The code snippet below contains my reworking/merging of the parser.js and main.js files linked to above. The decent chunk of code can be copied and pasted right in the browser console to see the effect:
The example above is for comic 74 given by loadExplain(74) in the code below. Simply change num in loadExplain(num) to the number of the comic whose explanation HTML you want or loadExplain() for the most recent comic.
// parser.js
let comicid = 0;
let refNum = 0;
let refs = [];
function wikiparse(wikitext, num){
comicid = num;
let lines = wikitext.split(/\r?\n/);
let html = "";
let bulletLevel = 0; //level of bullet points
let quotes = 0; //previous line was quote
let tablerow = false; //true if currently in table row
for(let i = 0; i < lines.length; i++){
let line = lines[i];
if(line !== ""){
line = convertLine(line); //perform simple inline parsing
if(line[0] === "*"){ //bullet points
let bulletNum = line.match(/^\*+/)[0].length; //number of * in front of string
line = "<li>" + line.replace(/^\*+ */, "") + "</li>";
if(bulletLevel < bulletNum){ //start of new level of bulleting
line = "<ul>" + line;
bulletLevel++;
}
else if(bulletLevel > bulletNum){ //end of level
line = "</ul>" + line;
bulletLevel--;
}
}
else if(bulletLevel > 0){ //end of bulleting
line = "</ul><p>" + line + "</p>";
bulletLevel--;
}
else if(line[0] === ":"){ //quotes
line = "<dd>" + line.substring(1) + "</dd>";
if(!quotes){ //start of quote
line = "<dl>" + line;
quotes = 1;
}
}
else if(quotes){ //end of quote
line = "</dl><p>" + line + "</p>";
quotes = 0;
}
else if(line[0] === '{' && line[1] === '|'){ //tables
line = "<table " + line.substring(2) + ">";
}
else if(line[0] === '|' && line[1] == '-'){ //start of table row
line = "";
tablerow = true;
}
else if(line[0] === '|' && line[1] === '}'){ //end of table
line = "</table>"; //no rows?
tablerow = false;
}
else if(line[0] === '!'){ //table heading
line = "<th>" + line.substring(1).replace(/!!/g, "</th><th>") + "</th>";
if(tablerow){
line = "<tr>" + line + "</tr>";
tablerow = false;
}
}
else if(line[0] === '|'){ //table cell
line = "<td>" + line.substring(1).replace(/\|\|/g, "</td><td>") + "</td>";
if(tablerow){
line = "<tr>" + line + "</tr>";
tablerow = false;
}
}
else line = "<p>" + line + "</p>"; //regular text
html += line;
}
}
if(refNum > 0) {
let refFormatted = "<div class='references'><ol>";
for(let i = 0; i < refs.length; i++) {
refFormatted += "<li id='note-" + i + "'><a href='#ref-" + i + "'>↑</a><span>" + refs[i] + "</span></li>";
}
refFormatted += "</ol></div>";
html += refFormatted;
}
return html;
}
function convertLine(line){ //replace simple inline wiki markup
//headings and subheadings
//format ==<text>== -> <h2>, ===<text>=== -> h3, etc.

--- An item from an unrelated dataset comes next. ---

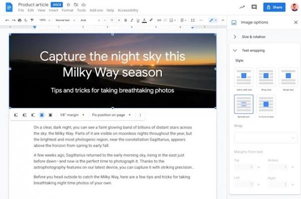 أضافت خدمة مستندات جوجل ميزة جديدة تتيح للمستخدمين إضافة النصوص على الصور في الملفات، لتعيد بذلك الأذهان لما توفره مايكروسوفت منذ ما يزيد عن عقدين من الزمن على برنامج وورد.
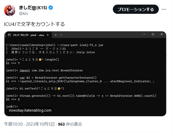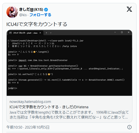 ICU4Jで文字をカウントするhttps://t.co/uiihK9Y6IQ

if(line[0] === '=' && line[line.length - 1] === '='){
let headingLeft = line.match(/^=+/)[0].length; //number of '='s on the left
let headingRight = line.match(/=+$/)[0].length; //number of '='s on the right
let headingNum = Math.min(headingLeft, headingRight);
if(headingNum >= 1 && headingNum <= 6){
line = "<h" + headingNum + ">" + line.substring(headingNum, line.length - headingNum) + "</h" + headingNum + ">";
}
}
//link to another xkcd comic
//format: [[<id>: <title]] or [[<id>: <title>|<id>]]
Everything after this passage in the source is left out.